Collections

The collection of the Museum of Byzantine Culture numbers more than 46,000 ancient (until 1830) movable monuments and works of modern and contemporary art, which date from the 2nd up to the 20th century. Mostly composed of the ancient collection initially of the Ephorate of Antiquities of Macedonia and later of the former 9th Ephorate of Byzantine Antiquities, part of which the Museum formed until 1997. They originate mainly from excavations (systematic or rescue) from collections, confiscations, bequests, donations (from 1958), or were purchased by state funds or private sponsorships. Strictly in numbers, the larger part of the collection consists of coins, stamps and miniature artifacts, followed by sculptures and icons. The artifacts mainly come from Thessaloniki and Macedonia, from churches or other public and private buildings, as well as from the cemeteries. Particularly important are the collections that come from the bequests of Dimitrios Oikonomopoulos and Dori Papastratou, the Museum’s two major donors. The Dori Papastratou collection of engravings is one of the most important collections of this kind in the world. Moreover, the Museum has and exhibits the richest collection of funerary mural painting (3rd-8th c.) in Greece and one of the most interesting in the Mediterranean area. Glass vessels of exquisite quality, domestic and imported, bear witness to the commercial contacts in the Mediterranean area. Of particular importance is the collection of icons, which includes unique works of major painters of the 16th-17th c., but also masterpieces of the Palaiologan painting of the 14th century. Although limited in number, the collection of manuscripts includes a series of parchments codices of utmost historical, paleographic and artistic value. A series of rare textiles and clothing of the early Byzantine period, originating in Egypt, are long-term loans from the Benaki Museum.
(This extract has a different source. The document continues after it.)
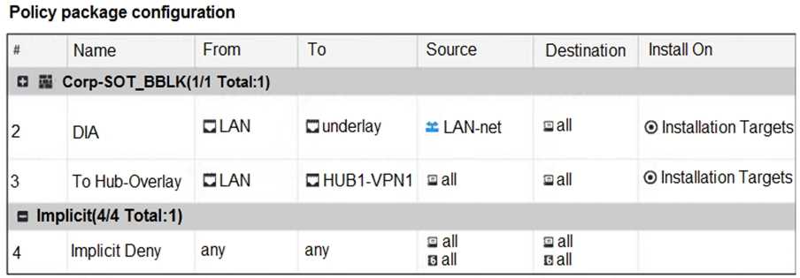 Policy 3 points traffic To = HUB1-VPN1, which is an SD-WAN member interface. In SD-WAN you must

The collection of modern and contempory works of art comprises works by Spyros Papaloukas, Polykleitos Rengos and Nikos Alexiou, which were donated to the Museum. Of particular importance are a series of replicas of early Christian funerary murals and mosaics (Rotunda) by the painter Christos Lefakis. The artifacts of the Museum collection travel to temporary exhibitions that are organized both in Greece and abroad.